Skippy Dies - Paul Murray



After reading Skippy Dies, I felt like I had spent the last week as an adolescent boy.  It was an interesting experience to say the least (given I'd never been in that position before).  Paul Murray does an excellent job of exploring life at an all-boys English boarding school, one that is on the cusp of becoming progressively more secular.  This book explores the impact that the death of a school-mate has on these boys, as well as the events leading up to the death.  This book manages to be touching, without pandering.  The reader doesn't get everything they want in the end, but that's a good thing.  I never like knowing exactly where the author is going to take me.  Although long, I read this book quickly and found many parts "laugh out loud" funny.  If you're looking for something that is both intellectually stimulating and a roaring good read, I recommend Skippy Dies.  It's a recent reading highlight!

4/5 Stars

Friday, April 15, 2011

Stanley Park - Timothy Taylor



I used to think that vacation reads had to be lighthearted romps.  Over time, I am finding this to be less true.  While they can be lighthearted, what is most important to me is a strong narrative.  Timothy Taylor's Stanley Park was a perfect choice for my trip to Doubtless Bay (New Zealand).  Taylor tackles what is obviously a very tough issue in this book: homelessness (which as a Canadian ex-pat, I am aware is a huge issue in Vancouver).  He does this with great sensitivity, pointing to the unique stories that each person has to tell and also their unique relationship to Stanley Park.
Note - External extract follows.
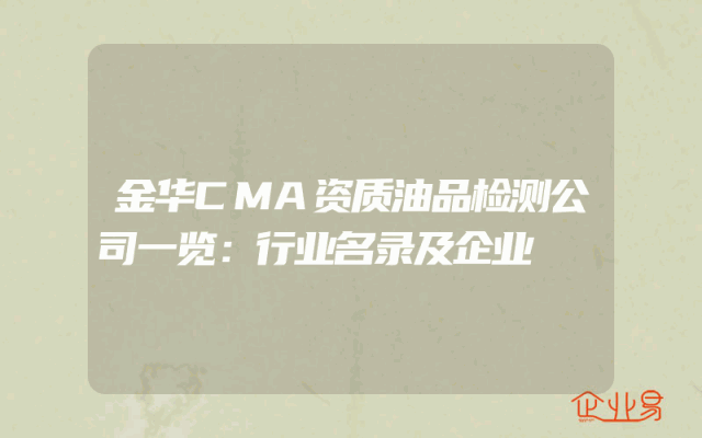 - 金华CMA资质油品检测公司一览:行业名录及企业

It's actually quite a hard book to describe as it has many layers.  Essentially, it is told from the perspective of a young chef (Jeremy) in Vancouver.  He is struggling to keep his restaurant afloat, while also dealing with this anthropologist father, who has been living in Stanley Park in an effort to tell the stories of its homeless inhabitants.  As the book progresses, Jeremy's struggle to keep his restaurant is juxtaposed against Jeremy's growing relationships with his father's homeless friends.  Through his cooking, Jeremy tries to stay connected to the land (i.e., through cooking local).  His father compares Jeremy's role to his own as his father is trying to understand how the inhabitants of Stanley Park are connected to the land.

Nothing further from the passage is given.